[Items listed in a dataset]
* * *
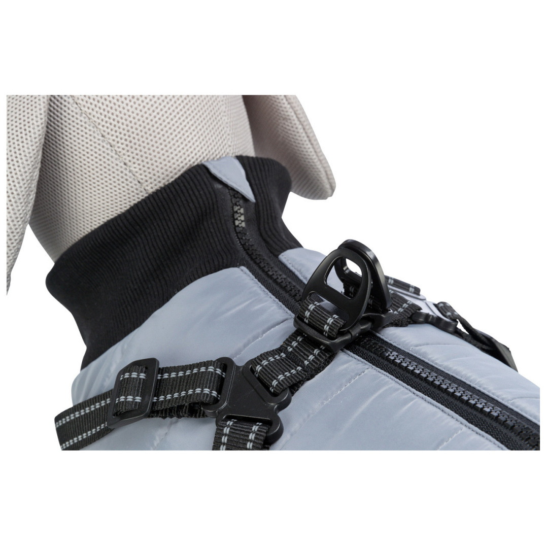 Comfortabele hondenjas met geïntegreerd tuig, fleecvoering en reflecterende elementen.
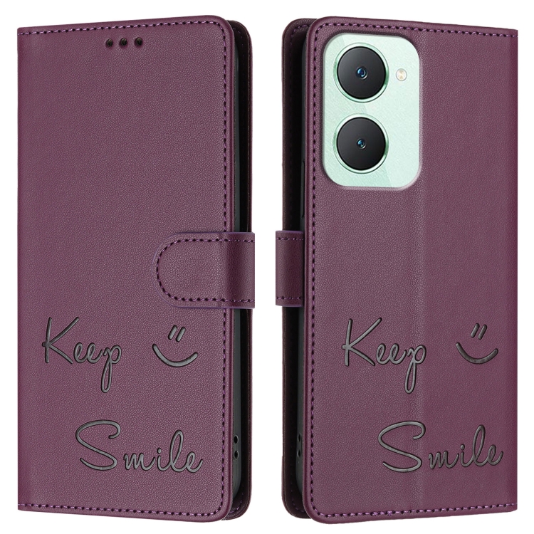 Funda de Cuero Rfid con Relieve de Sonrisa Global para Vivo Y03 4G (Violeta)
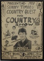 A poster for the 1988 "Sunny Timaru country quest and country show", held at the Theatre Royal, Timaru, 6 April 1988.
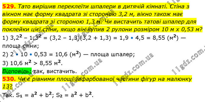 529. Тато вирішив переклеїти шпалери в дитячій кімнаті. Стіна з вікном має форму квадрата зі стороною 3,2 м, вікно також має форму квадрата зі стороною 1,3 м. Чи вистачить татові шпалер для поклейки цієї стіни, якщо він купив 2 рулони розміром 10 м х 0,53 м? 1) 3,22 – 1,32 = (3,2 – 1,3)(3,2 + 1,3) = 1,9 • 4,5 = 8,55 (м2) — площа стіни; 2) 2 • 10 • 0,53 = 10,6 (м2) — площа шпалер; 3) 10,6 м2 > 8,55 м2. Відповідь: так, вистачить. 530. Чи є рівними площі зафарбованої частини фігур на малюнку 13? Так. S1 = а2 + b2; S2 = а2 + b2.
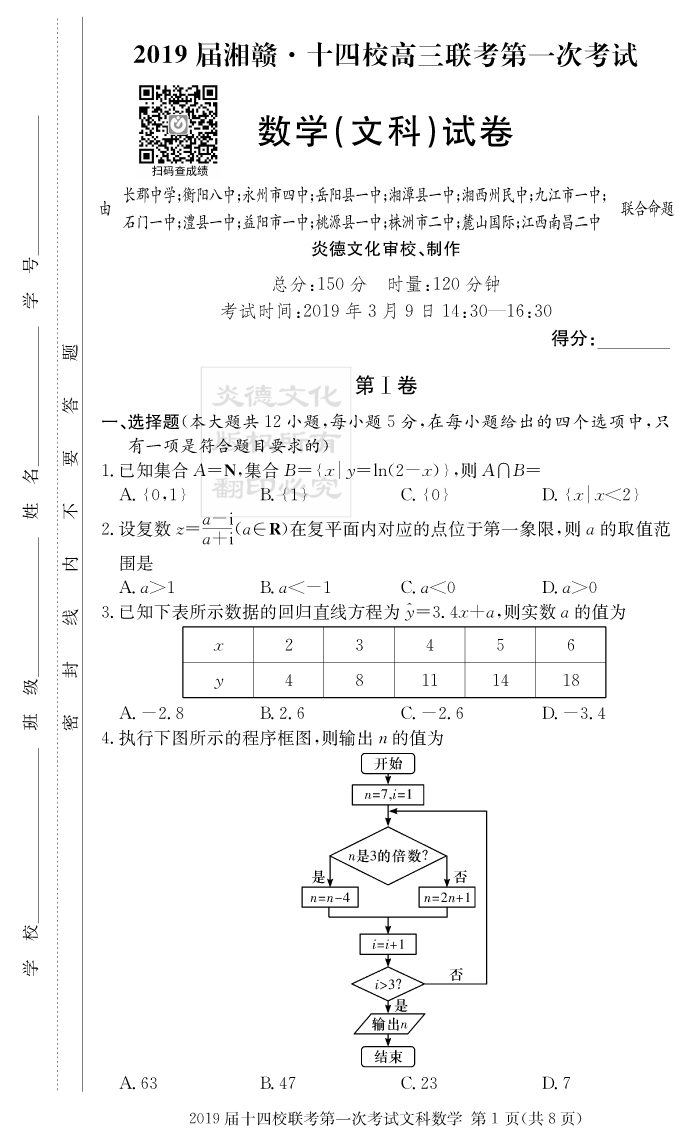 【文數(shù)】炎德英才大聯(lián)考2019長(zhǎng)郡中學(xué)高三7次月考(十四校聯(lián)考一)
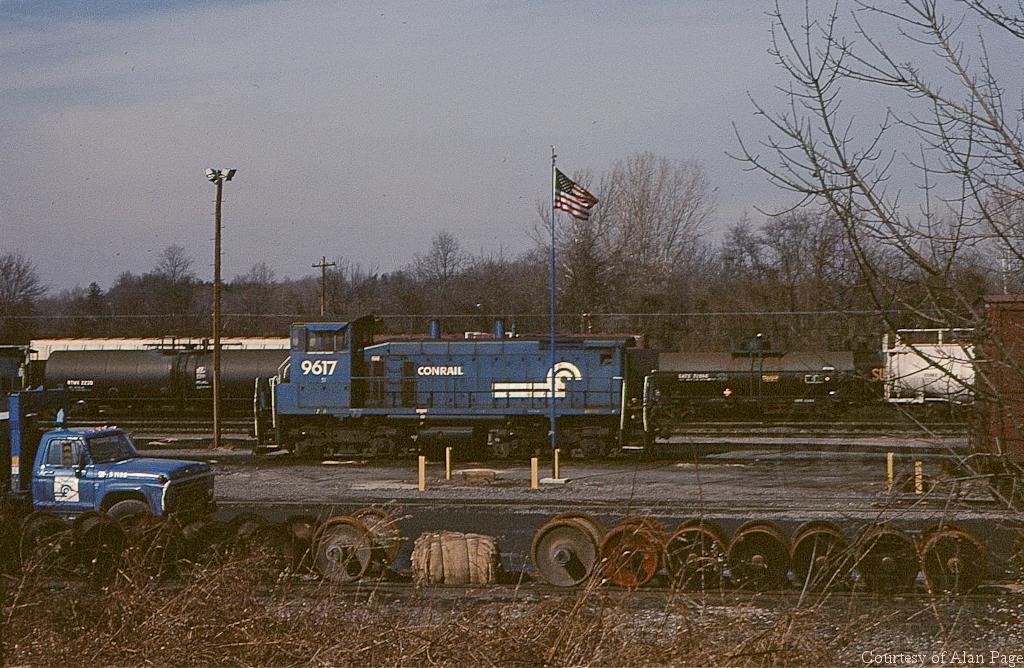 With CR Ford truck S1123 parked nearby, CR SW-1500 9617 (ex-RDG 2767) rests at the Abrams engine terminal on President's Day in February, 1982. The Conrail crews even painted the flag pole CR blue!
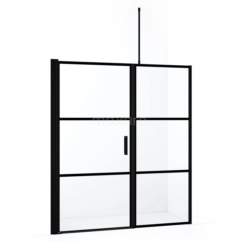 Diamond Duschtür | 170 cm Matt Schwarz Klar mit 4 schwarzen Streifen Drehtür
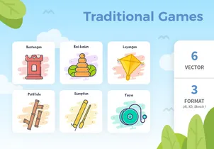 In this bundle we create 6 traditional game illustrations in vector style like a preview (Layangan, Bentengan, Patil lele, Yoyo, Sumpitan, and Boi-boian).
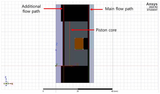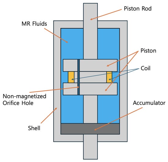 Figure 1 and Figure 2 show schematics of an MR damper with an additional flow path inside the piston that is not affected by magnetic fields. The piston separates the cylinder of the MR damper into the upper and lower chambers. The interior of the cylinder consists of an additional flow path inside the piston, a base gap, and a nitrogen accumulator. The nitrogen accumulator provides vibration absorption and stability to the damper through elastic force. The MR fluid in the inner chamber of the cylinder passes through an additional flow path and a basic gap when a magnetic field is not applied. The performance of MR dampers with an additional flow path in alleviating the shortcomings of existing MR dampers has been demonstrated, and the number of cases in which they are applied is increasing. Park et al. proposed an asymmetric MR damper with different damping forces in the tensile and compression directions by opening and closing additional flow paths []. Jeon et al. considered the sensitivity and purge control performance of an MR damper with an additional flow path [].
* * *
Print each record exactly as it stands, omitting the pictures.

 Comfortabele hondenjas met geïntegreerd tuig, fleecvoering en reflecterende elementen.
 Funda de Cuero Rfid con Relieve de Sonrisa Global para Vivo Y03 4G (Violeta)
 A poster for the 1988 "Sunny Timaru country quest and country show", held at the Theatre Royal, Timaru, 6 April 1988.
 529. Тато вирішив переклеїти шпалери в дитячій кімнаті. Стіна з вікном має форму квадрата зі стороною 3,2 м, вікно також має форму квадрата зі стороною 1,3 м. Чи вистачить татові шпалер для поклейки цієї стіни, якщо він купив 2 рулони розміром 10 м х 0,53 м? 1) 3,22 – 1,32 = (3,2 – 1,3)(3,2 + 1,3) = 1,9 • 4,5 = 8,55 (м2) — площа стіни; 2) 2 • 10 • 0,53 = 10,6 (м2) — площа шпалер; 3) 10,6 м2 > 8,55 м2. Відповідь: так, вистачить. 530. Чи є рівними площі зафарбованої частини фігур на малюнку 13? Так. S1 = а2 + b2; S2 = а2 + b2.
 【文數(shù)】炎德英才大聯(lián)考2019長(zhǎng)郡中學(xué)高三7次月考(十四校聯(lián)考一)
 With CR Ford truck S1123 parked nearby, CR SW-1500 9617 (ex-RDG 2767) rests at the Abrams engine terminal on President's Day in February, 1982. The Conrail crews even painted the flag pole CR blue!
 Diamond Duschtür | 170 cm Matt Schwarz Klar mit 4 schwarzen Streifen Drehtür
 In this bundle we create 6 traditional game illustrations in vector style like a preview (Layangan, Bentengan, Patil lele, Yoyo, Sumpitan, and Boi-boian).
 Figure 1 and Figure 2 show schematics of an MR damper with an additional flow path inside the piston that is not affected by magnetic fields. The piston separates the cylinder of the MR damper into the upper and lower chambers. The interior of the cylinder consists of an additional flow path inside the piston, a base gap, and a nitrogen accumulator. The nitrogen accumulator provides vibration absorption and stability to the damper through elastic force. The MR fluid in the inner chamber of the cylinder passes through an additional flow path and a basic gap when a magnetic field is not applied. The performance of MR dampers with an additional flow path in alleviating the shortcomings of existing MR dampers has been demonstrated, and the number of cases in which they are applied is increasing. Park et al. proposed an asymmetric MR damper with different damping forces in the tensile and compression directions by opening and closing additional flow paths []. Jeon et al. considered the sensitivity and purge control performance of an MR damper with an additional flow path [].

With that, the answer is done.